How to dry film with a salad spinner

Everyone who developed a film once in his life has seen them – water marks. Thin white lines all across your negatives, either lots of work on the computer after scanning or you have to wash the film all over – again with the risk of getting new water marks. There are numerous ways to avoid water marks, like using distilled water, a washing agent or isopropyl alcohol as last bath (something I need to try myself). But all this solutions just replace the water, it still needs to dry and while doing so it can leave marks. And when you use a film squeegee, you might scratch and ruin the whole film.

So what to do. Well, use a salad spinner. It might sound crazy at first, but let me show you.

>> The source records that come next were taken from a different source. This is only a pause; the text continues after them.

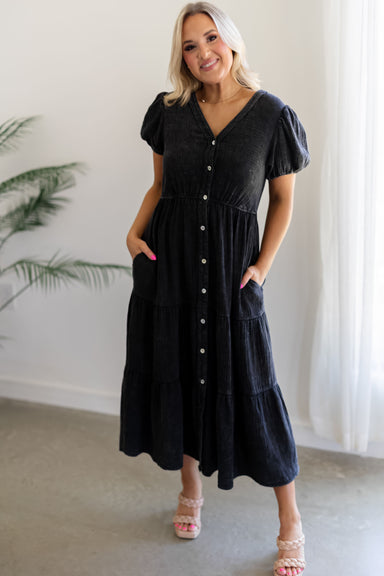 Meet the new "Dana Dress!" Effortlessly feminine and chic, this midi dress is perfect for making an elevated statement! Boasting a v neckline and o...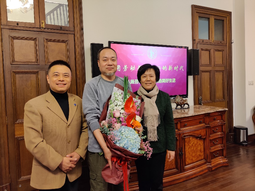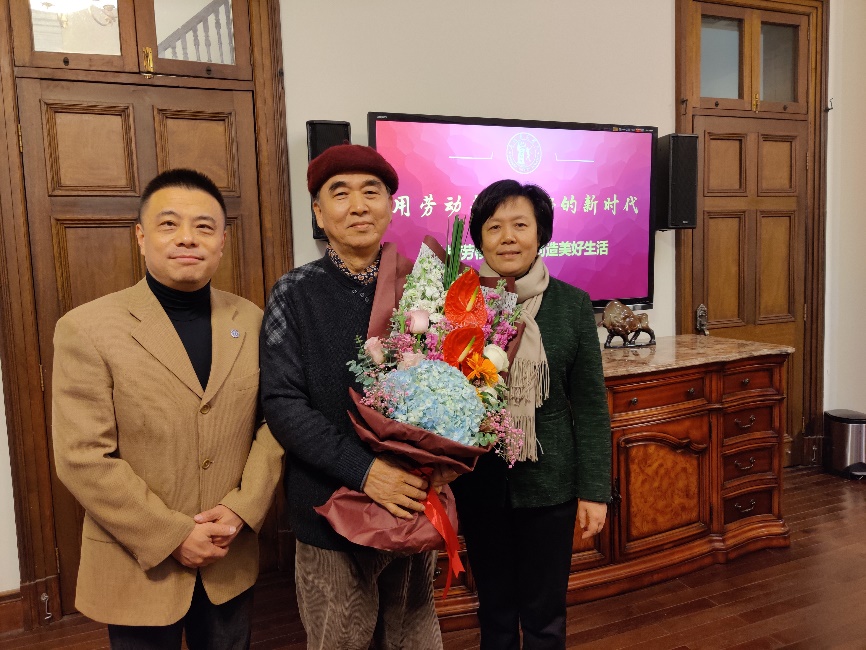 2019年12月20日下午,上海戏剧学院党委副书记胡敏,党委副书记、副院长、工会主席张伟令代表全校教职工慰问了我校全国及上海市的劳模(享受劳模待遇)和五一劳动奖章获得者,向他们献上鲜花。上海市劳模孙祖平老师、全国文化系统先进工作者范和生老师、全国五一劳动奖章获得者王立军老师、上海市劳模陆军老师、上海市劳模杨新华老师、上海市五一劳动奖章获得者裴晶老师等接受了慰问。张伟令院长本人也是全国五一劳动奖章获得者,使这次活动更有意义。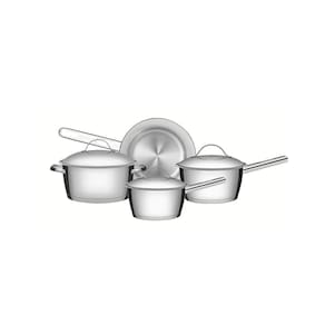 Tenha produtos práticos e diferenciados na sua cozinha. O Jogo de Panelas Tramontina Allegra em Aço Inox com Fundo Triplo 6 Peças facilita seu dia-a-dia e ainda embeleza sua cozinha. São 6 peças com design moderno que dá um toque cheio de estilo ao ambiente. As panelas ainda apresentam tecnologia de fundo triplo (aço inox + alumínio + aço inox), distribuindo melhor o calor, proporcionando um cozimento mais rápido e uniforme. E o melhor, economizando mais energia! São totalmente produzidas em aço inox, material que atesta alta durabilidade e bom gosto. Acompanham tampa com saída de vapor e são ainda muito fáceis de limpar. Podendo ser lavadas diariamente na máquina de lavar louças Elas ainda impressionam pela versatilidade, podendo ser usadas em diferentes tipos de fogões. O fervedor não é apto para fogão de indução.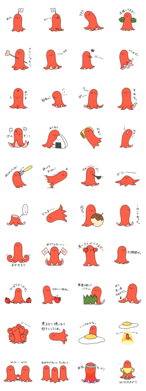 タコウインナーさんの日々あるあるなスタンプと言ったところです!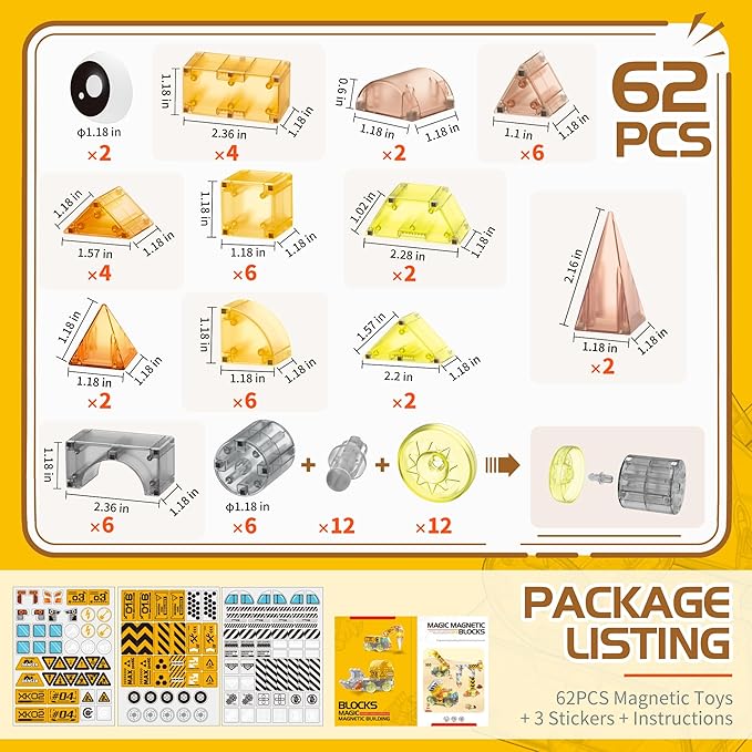 - More Imaginative - Our 3D magnetic blocks offer engineering stickers and eyes sets transform basic magnetic cubes into amazing construction vehicles, rockets, animals, or flowers. Children can fully unleash their creativity, watch cars become interesting roaring engineering vehicles through imaginative play.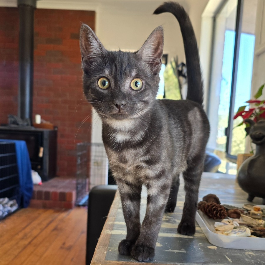 This sweet girl has already proven she’s a little survivor. Smoke was rescued after being stuck in a storm drain for several days, and despite her rough start, she has come out the other side full of affection, curiosity and playfulness. She is confident, cheeky and loves to explore, but her favourite place is curled up in your arms, purring like a tiny engine.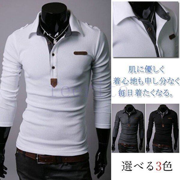 ポロシャツ メンズ 長袖 スリム カジュアルシャツ 長袖ポロシャツ 3541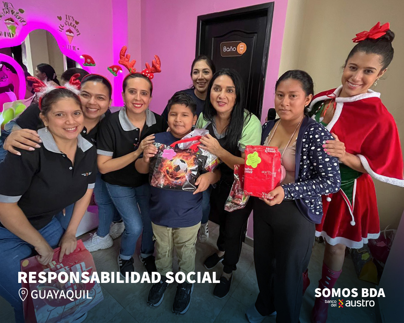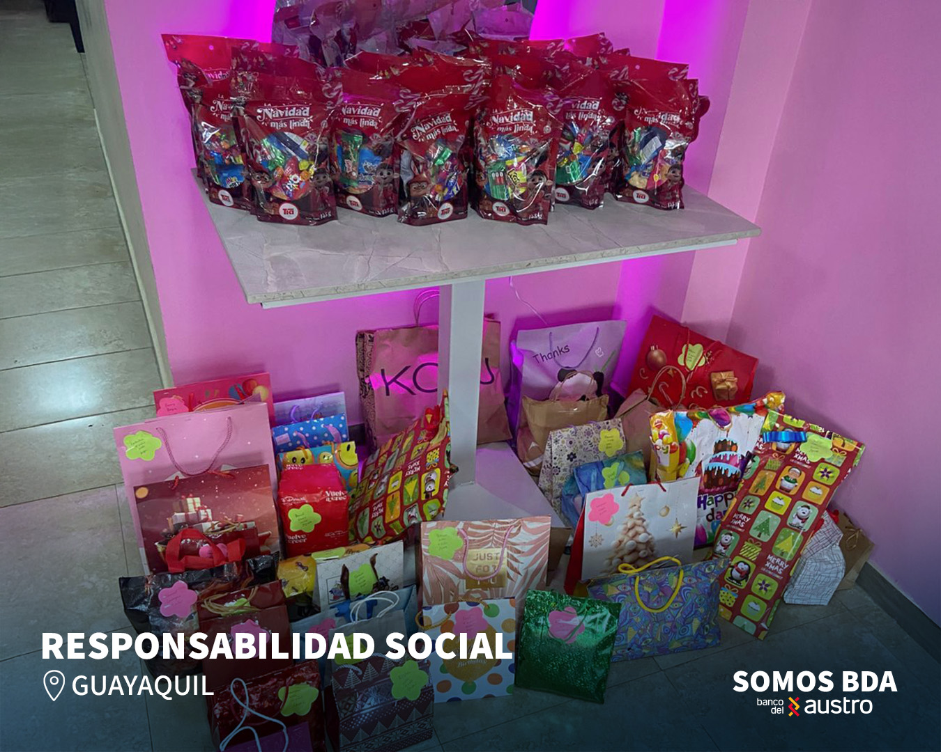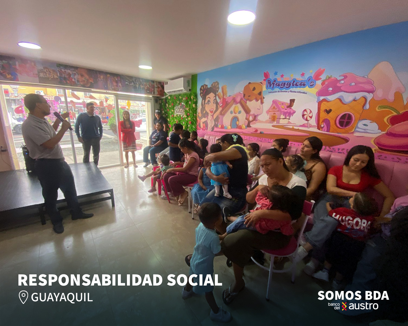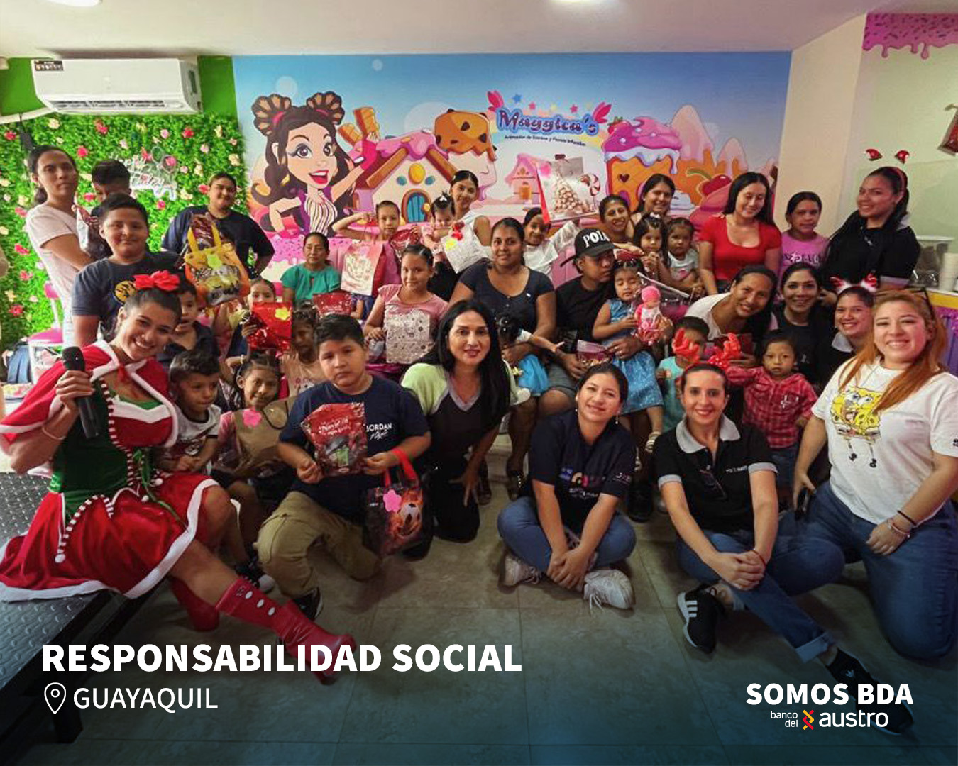 En Guayaquil, el evento de entrega se llevó a cabo en Maggica’s Animaciones y Eventos, donde se entregaron regalos y fundas de caramelos a los niños de la Iglesia Dios Mi Aposento.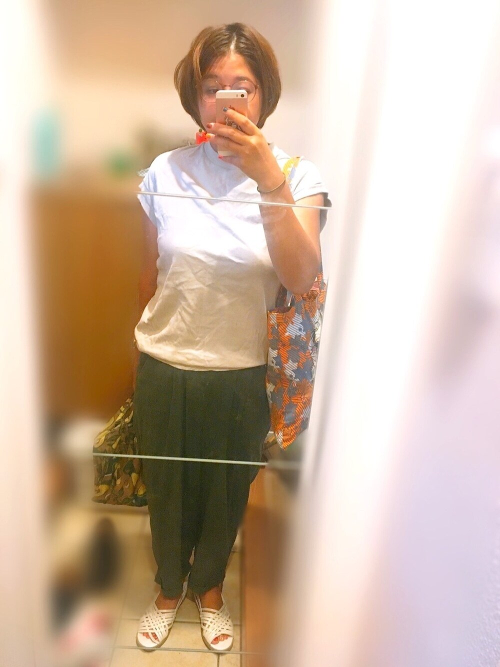 淡いグレーとグリーン 見たことあるなと思ったら、Tシャツ色違いのコーデやってたー😅 この無印のフレンチスリーブTシャツ、本当に着心地が良くて好き。スカートにもパンツにも合わせやすい💕 右手に持ってるのはAwesomestoreのエコバッグ。 コンビニ袋サイズって意外となくないですか?そして意外と必要じゃないですか!? アボカド柄で可愛くて便利なのです。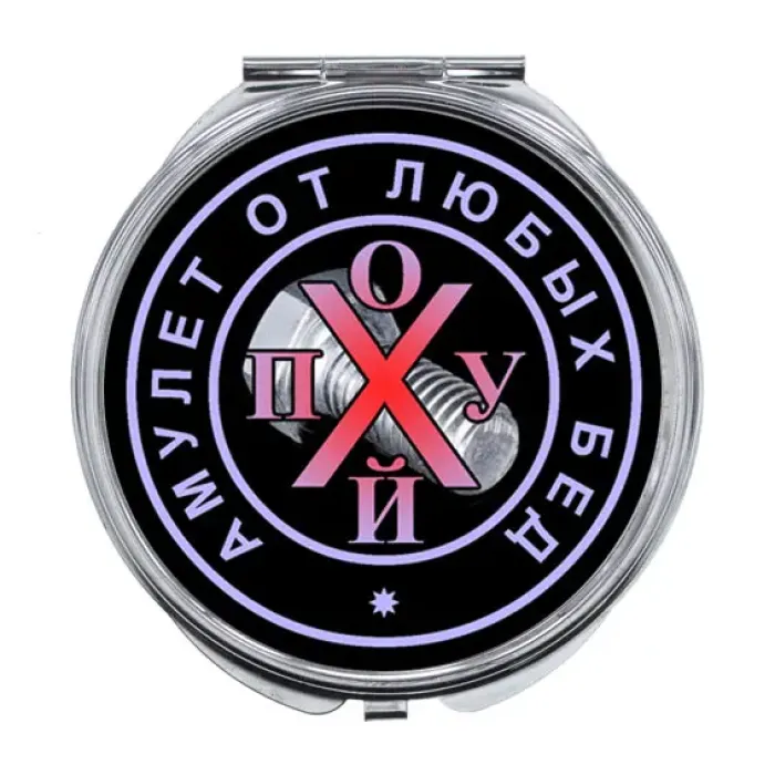 Складное зеркало сувенирное, изготовленное из металла и стекла, с полноцветным изображением.
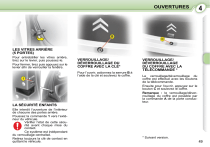 OUVERTURES 4 LES VITRES ARRIÈRE (5 PORTES) Pour entrebâiller les vitres arrière, tirez sur le levier, puis poussez-le. Pour fermer, tirez puis appuyez sur le levier afin de verrouiller la fenêtre. VERROUILLAGE/ DÉVERROUILLAGE DU COFFRE AVEC LA CLÉ* Pour l’ouvrir, actionnez la serrure B à l’aide de la clé et soulevez le coffre. LA SÉCURITÉ ENFANTS Elle interdit l’ouverture de l’intérieur de chacune des portes arrière. Poussez la commande 1 vers l’extérieur du véhicule. Vérifier l’état de cette sécurité avant chaque mise du contact. Ce système est indépendant du verrouillage centralisé. Retirez toujours la clé de contact en quittant le véhicule. VERROUILLAGE/ DÉVERROUILLAGE DU COFFRE AVEC LA TÉLÉCOMMANDE * Le verrouillage/déverrouillage du coffre est effectué avec les boutons de la télécommande. Ensuite pour l’ouvrir, appuyez sur le bouton C et soulevez le coffre. Remarque : le verrouillage/déverrouillage du coffre est possible par la commande A de la porte conducteur. * Suivant version. 49 4 OUVERTURES 2. Roue de secours / Rangements supplémentaires Située sous le tapis et un cache plastique, elle renferme les outils pour le changement de roue et le remorquage. LE COFFRE 1. Tablette arrière Pour enlever la tablette : - décrochez la tablette de sa fixation A, - tirez de chaque côté vers le haut pour la dégager de ses fixations, - soulevez puis inclinez légèrement la tablette pour la retirer. 50 Pour la ranger, deux possibilités : - soit derrière les sièges arrière, - soit à plat dans le coffre. Afin de disposer d’un volume supplémentaire, la roue de secours peut être enlevée temporairement (bac de coffre disponible en accessoires). ">

All you need is a cheap salad spinner, I got mine at a household store for about 3€. For start, no modification is needed, you just put the film, still on the reel from the dev tank into the spinner and crank as fast as you can. The centrifugal force pushes all water off the film, only leaving tiny droplets behind that dry quickly and without any residue.

An advanced version would have a counter weight on the opposite side of the drum, as well as a pin or so to make sure the reel stays on the opposite side of the counter weight. I currently upgrade mine with those adjustments, but even without them, they work great. Since I started to use the spinner in my workflow, I never saw any water marks again, and also dust is a far rarer sight than before.

So darkroom friends, get a salad spinner. Your film will thank you.